■ **EXERCISE DESCRIPTION**
Starting at the first line of the data, print every line up to and including the one with "Dans cette section, vous", but no pictures.

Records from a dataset
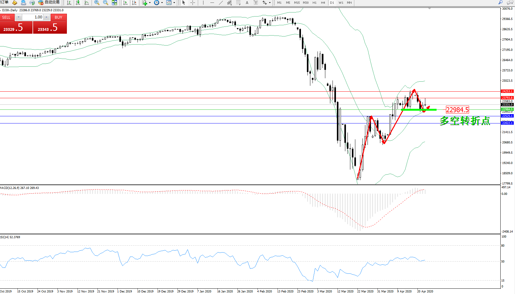 道琼斯指数423日(周四)收盘上涨39.40点,涨幅0.17%,报23515.26点。美股多数收跌,据报道称,一项领先的试验性新冠药物临床试验表现不佳,尽管数据显示美国上周首次申请失业救济人数大增440万,而且其它多项数据显示经济形势惨淡。资者把希望寄托在曲线持续变平和最终开发出疫苗上,他们愿意暂时无视负面的经济数据,关注那些表明当前不利因素可能被证明只是暂时的,那些更有利的发展,今天突如其来的反应展现了投资者在当前环境中的反复无常。美国众议院议员周四将齐聚华盛顿,通过一项4840亿美元的新冠疫情救助法案,使总获批援救金额达到空前的近3万亿美元。
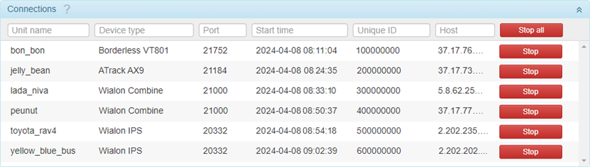 Dans cette section, vous pouvez voir un tableau de toutes les unités qui ont une connexion en ce moment.
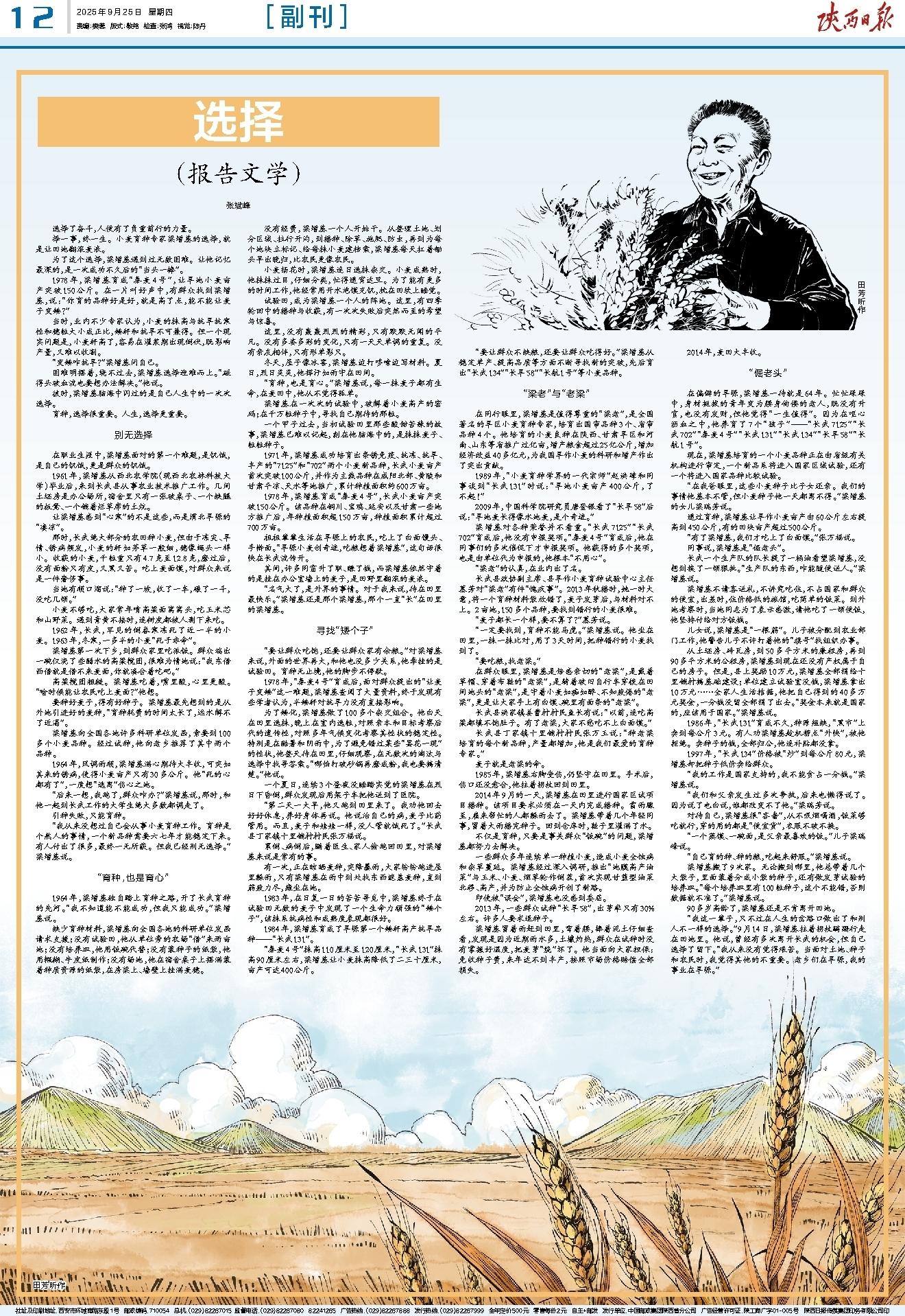 择一事,终一生。小麦育种专家梁增基的选择,就是让田地翻滚麦浪。
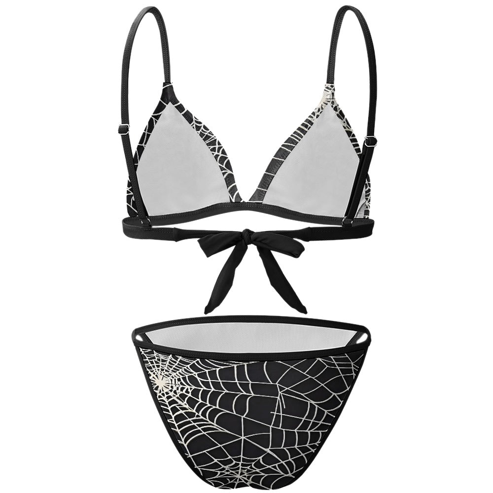 Mesmerizing Design: The unique spider web pattern sets this bikini apart, creating an alluring and edgy look perfect for making a statement. The intricate web detailing adds a touch of mystery and sophistication, making it a must-have for those who love to stand out.
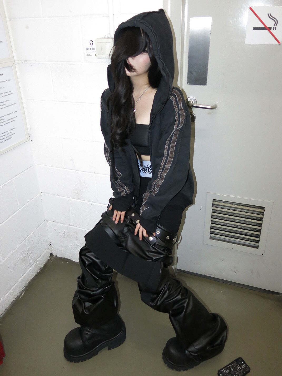 【GOJOYJINNI】 Distressed Draw String Zip Up Hoodie
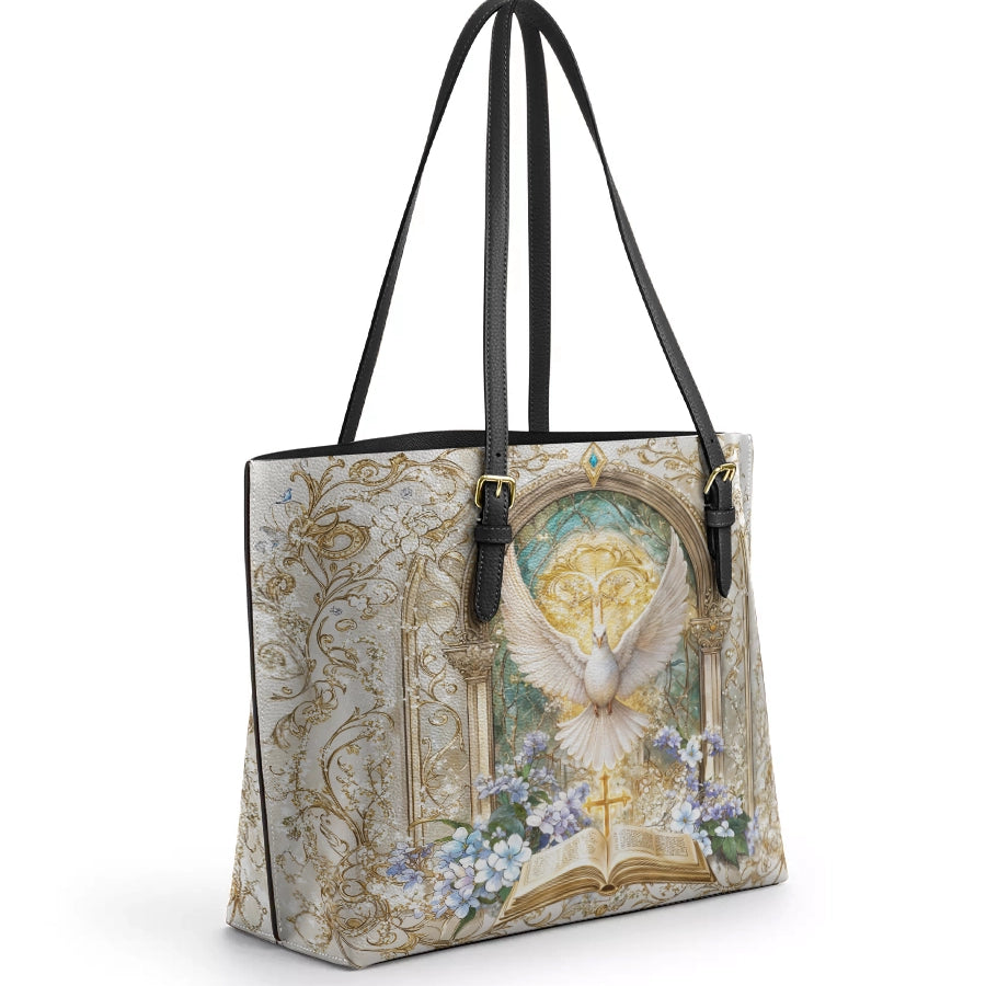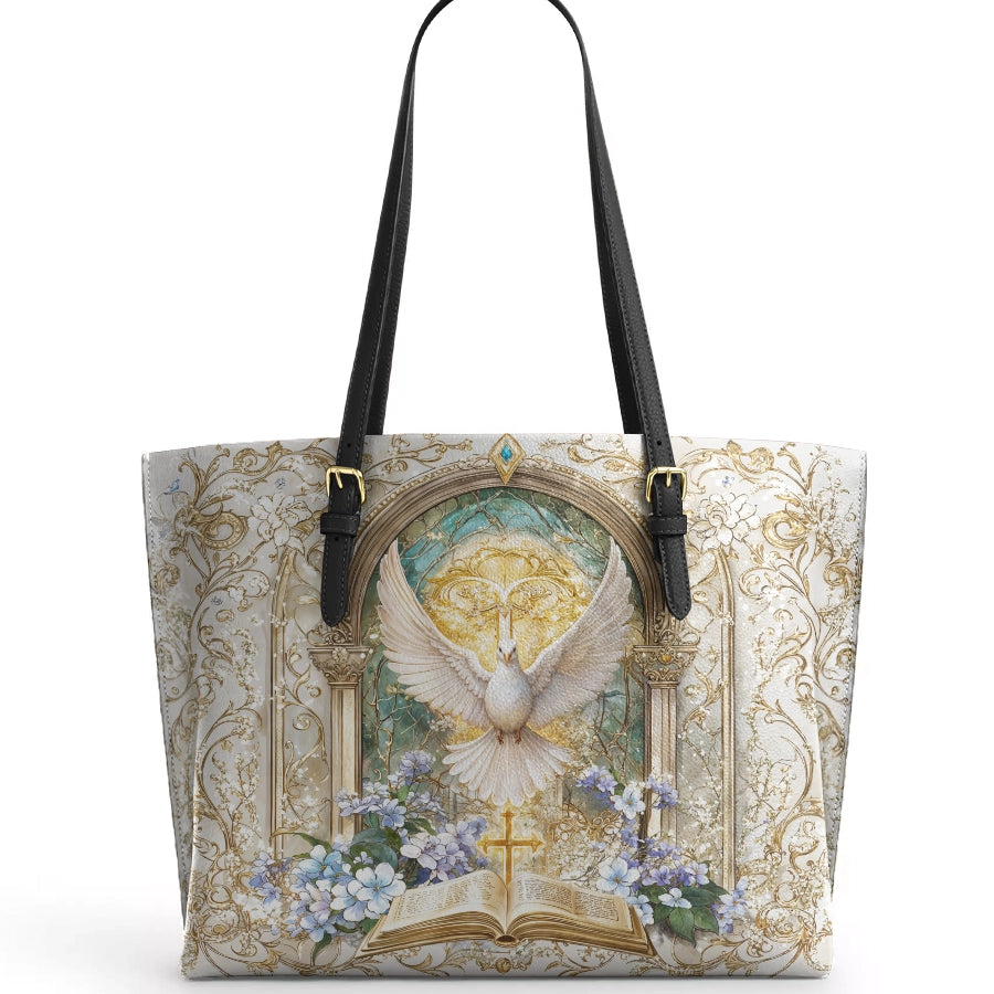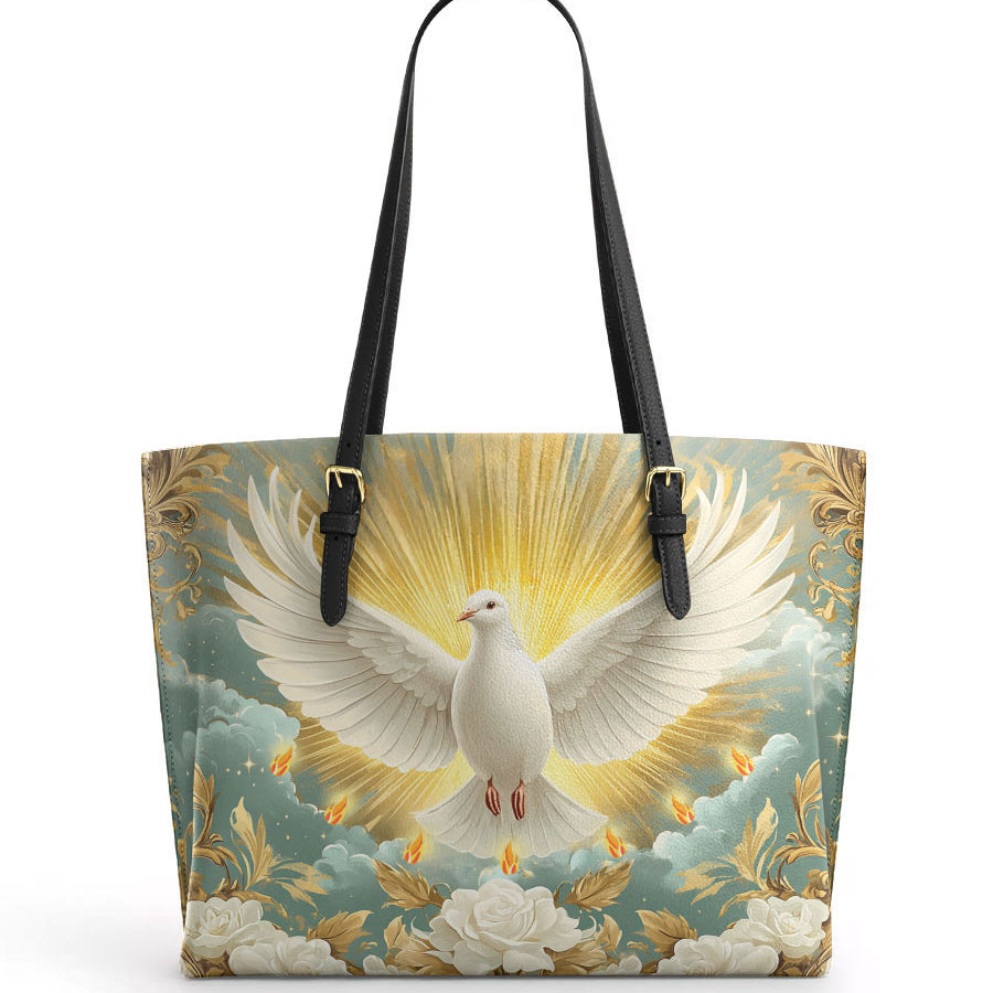 Catholight The Holy Spirit and Lily Devotional Leather Tote Bag

■ **EXPECTED ANSWER**
 道琼斯指数423日(周四)收盘上涨39.40点,涨幅0.17%,报23515.26点。美股多数收跌,据报道称,一项领先的试验性新冠药物临床试验表现不佳,尽管数据显示美国上周首次申请失业救济人数大增440万,而且其它多项数据显示经济形势惨淡。资者把希望寄托在曲线持续变平和最终开发出疫苗上,他们愿意暂时无视负面的经济数据,关注那些表明当前不利因素可能被证明只是暂时的,那些更有利的发展,今天突如其来的反应展现了投资者在当前环境中的反复无常。美国众议院议员周四将齐聚华盛顿,通过一项4840亿美元的新冠疫情救助法案,使总获批援救金额达到空前的近3万亿美元。
 Dans cette section, vous pouvez voir un tableau de toutes les unités qui ont une connexion en ce moment.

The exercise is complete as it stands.